» **Description of the task**: The line containing "1.3 Enlaces de", plus every line that follows it to the end of the listing below, is what you transcribe exactly; omit all pictures.

» **Data under study**:

========================================

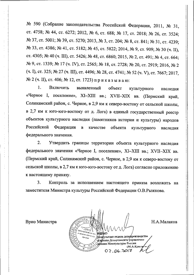 "О ВКЛЮЧЕНИИ ВЫЯВЛЕННОГО ОБЪЕКТА КУЛЬТУРНОГО НАСЛЕДИЯ "ЧЕРНОЕ I, ПОСЕЛЕНИЕ", XI - XIII ВВ.; XVII - XIX ВВ. В ЕДИНЫЙ ГОСУДАРСТВЕННЫЙ РЕЕСТР ОБЪЕКТОВ КУЛЬТУРНОГО НАСЛЕДИЯ (ПАМЯТНИКОВ ИСТОРИИ И КУЛЬТУРЫ) НАРОДОВ РОССИЙСКОЙ ФЕДЕРАЦИИ В КАЧЕСТВЕ ОБЪЕКТА КУЛЬТУРНОГО НАСЛЕДИЯ ФЕДЕРАЛЬНОГО ЗНАЧЕНИЯ И УТВЕРЖДЕНИИ ГРАНИЦ ЕГО ТЕРРИТОРИИ (ПЕРМСКИЙ КРАЙ, СОЛИКАМСКИЙ РАЙОН, С. ЧЕРНОЕ, В 2,9 КМ К СЕВЕРО - ВОСТОКУ ОТ СЕЛЬСКОЙ ШКОЛЫ, В 2,7 КМ К ЮГО - ЮГО - ВОСТОКУ ОТ Д. ЛОГА)"
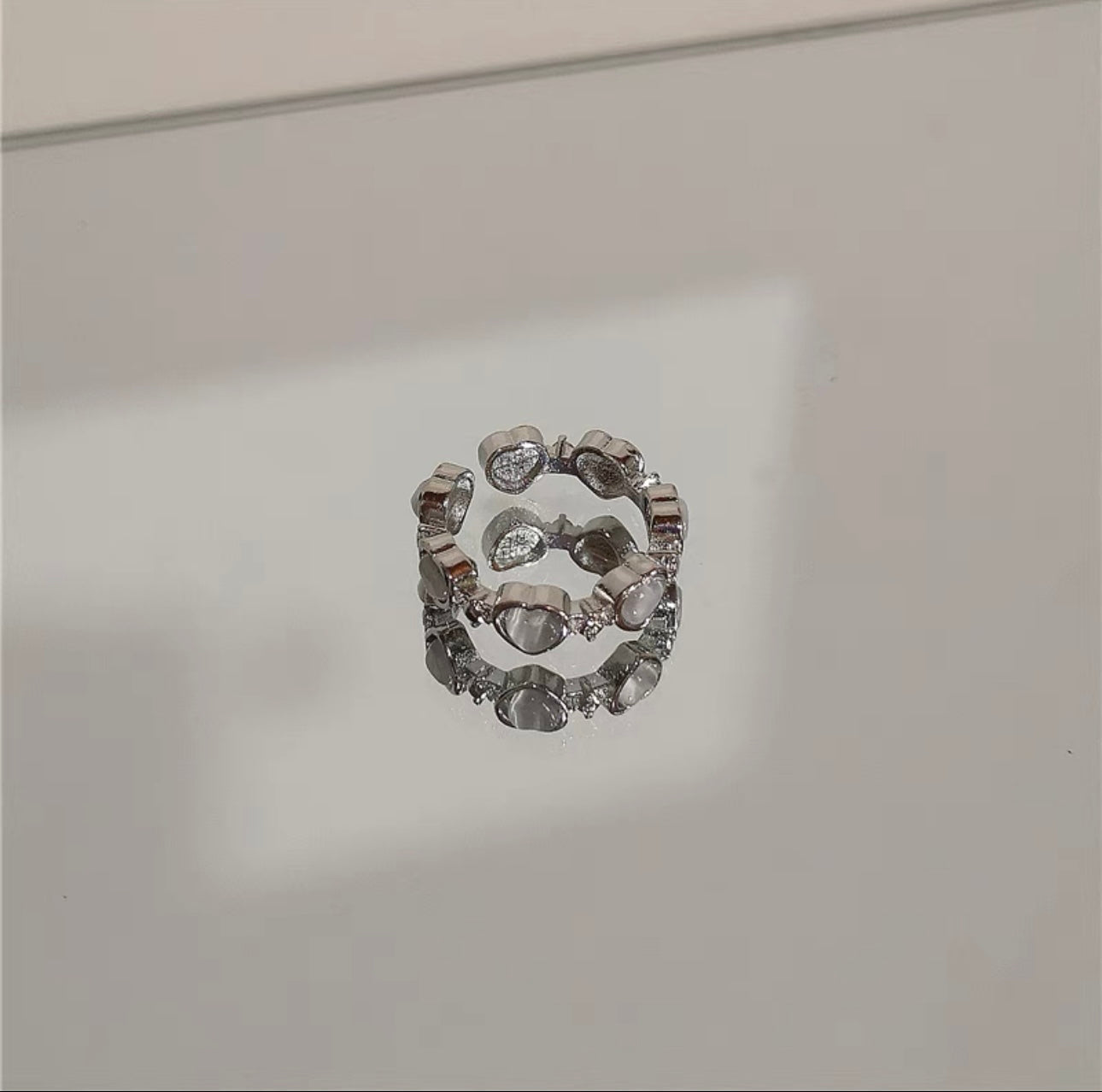 Kpop Fashion Punk Red Crystal Heart Irregular Open Metal Rin
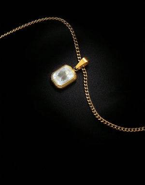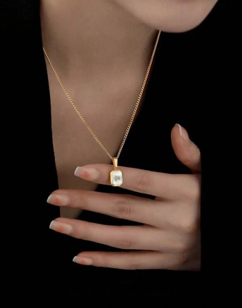 Дамско колие с бял камък в правоъгълна форма
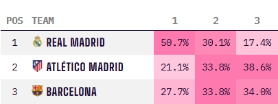 皇馬最新西甲奪冠概率28.1%,西甲三強(qiáng)中最低
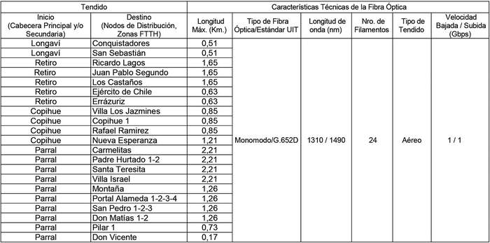1.3 Enlaces de Fibra Óptica desde Cabecera Principal y/o Secundaria a Nodos de Distribución (Zonas FTTH), según se indica a continuación:
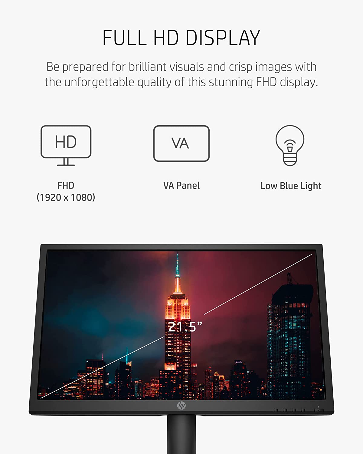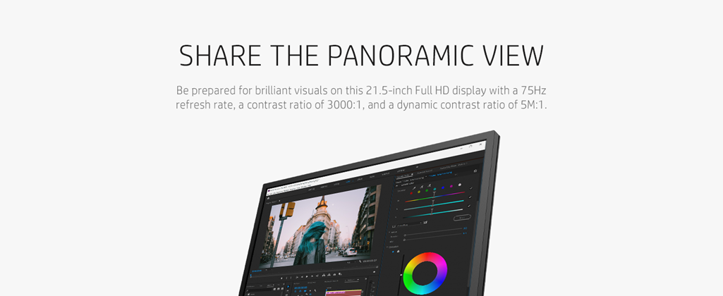 • FULL HD DISPLAY – Be prepared for brilliant visuals on this 21.5-inch Full HD display (1); enjoy colors that pop and superb black levels thanks to its 75Hz refresh rate, a contrast ratio of 3000:1, and a dynamic contrast ratio of 5M:1 (2).

========================================

» **Task answer**:
1.3 Enlaces de Fibra Óptica desde Cabecera Principal y/o Secundaria a Nodos de Distribución (Zonas FTTH), según se indica a continuación:
 • FULL HD DISPLAY – Be prepared for brilliant visuals on this 21.5-inch Full HD display (1); enjoy colors that pop and superb black levels thanks to its 75Hz refresh rate, a contrast ratio of 3000:1, and a dynamic contrast ratio of 5M:1 (2).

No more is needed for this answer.